The main function of WF external network level is remote monitoring of the WF. It enables the

control center to exchange monitoring data and control information remotely with WTs. The WF

external network requires longer range communication between WTs and the control center,

compared to the distances over which the internal network operates. The function of the control

center is to store monitoring data which are categorized and stored in servers. In the proposed

wireless-based solution, a base station is located at the control center. The base station enables the

exchange of uplink monitoring data (from WTs to the control center) and downlink control data

(from the control center to WTs). There are two types of data transmission for the WF external

network, namely direct transmission (single hop) and multi-hop transmission (multiple hops). In

direct transmission configuration, WTs transmit data directly to the base station of the control

center (point-to-multipoint topology).
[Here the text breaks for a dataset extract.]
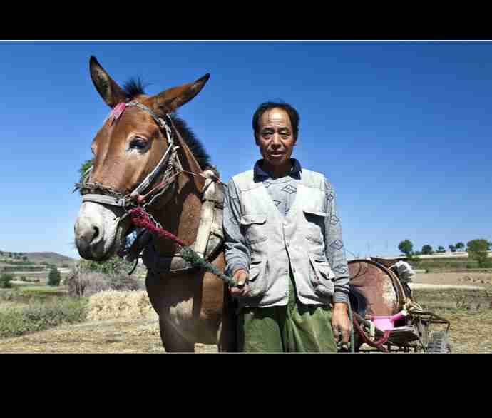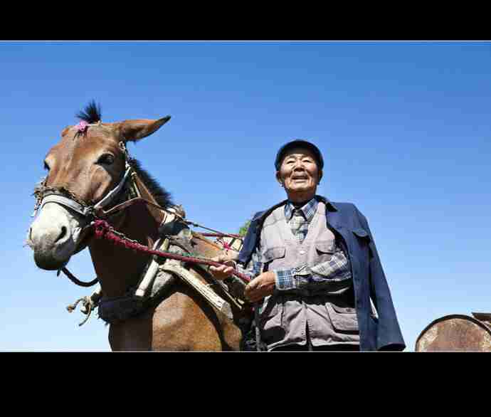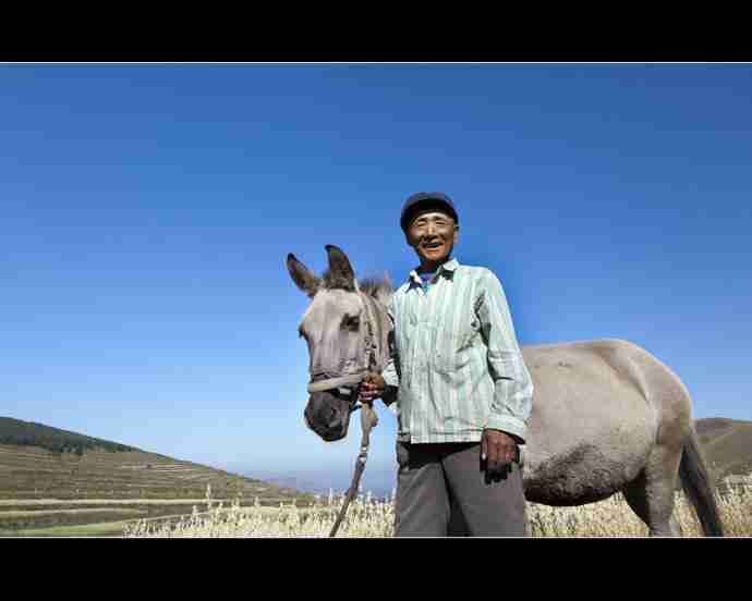 周日早上乌云密布,没起来拍日出。上午7点,云开雾散,马上收拾好东西出发,向着昨天选定好的天路、风电林区进发。天空中的云,将梯田点缀成了斑驳,一块一簇,流动着、奔跑着前行,而我手中的相机,也不停的咔咔响着。这位带着小前进帽的大爷,是第一个走进我镜头的老人,手中牵得是一匹“宝骡”,对草料不挑还特别能干活。当地人对牲口有着一种特别的喜爱,谈起骡子的时候就像说到自己家人一样的开心和自豪。可想而知在这样贫瘠的土地上,人们农耕主要还是依赖牲口,生活条件是何等水平?

This configuration is suitable for WFs with a small number of

WTs. However, with a large number of WTs, the link between WTs and the base station may

become congested. In the multi-hop transmission configuration, WTs transmit data to the base

station of the control center using multiple hops. In uplink and downlink, intermediate nodes called

relay nodes are operated as aggregators and relays, which are used to connect WTs and the control

center. The multi-hop transmission reduces the number of direct links from WTs to the base station

and provides additional coverage compared to a single hop transmission [10].

3.2. Network Model and Data Aggregation Approach

Figure 4 shows a schematic diagram illustrating a WT as a cyber-physical system. It consists of

two parts: the physical level and the network level. Based on the IEC 61400-25-6 standard, the WT

physical level consists of nine LNs: rotor (WROT), transmission (WTRM), generator (WGEN),

converter (WCNV), transformer (WTRF), nacelle (WNAC), yaw (WYAW), tower (WTOW), and

meteorological (WMET) as shown in equation (1).

WTLN = {WROT, WTRM, WGEN, WCNV, WTRF, WNAC, WYAW, WTOW, WMET} (1)

The network level comprises three different types of nodes: SNs, CNs, and a FE device. The

main function of SN is sensing while the function of CN is data aggregation from wireless sensor

nodes through single-hop or multi-hops. The FE device aggregates data from CNs. Also, it

communicates with the control center through a wireless external network. Each WT part is

considered to be represented by a LN as shown in figure 4, which nodes involve different types of

SNs.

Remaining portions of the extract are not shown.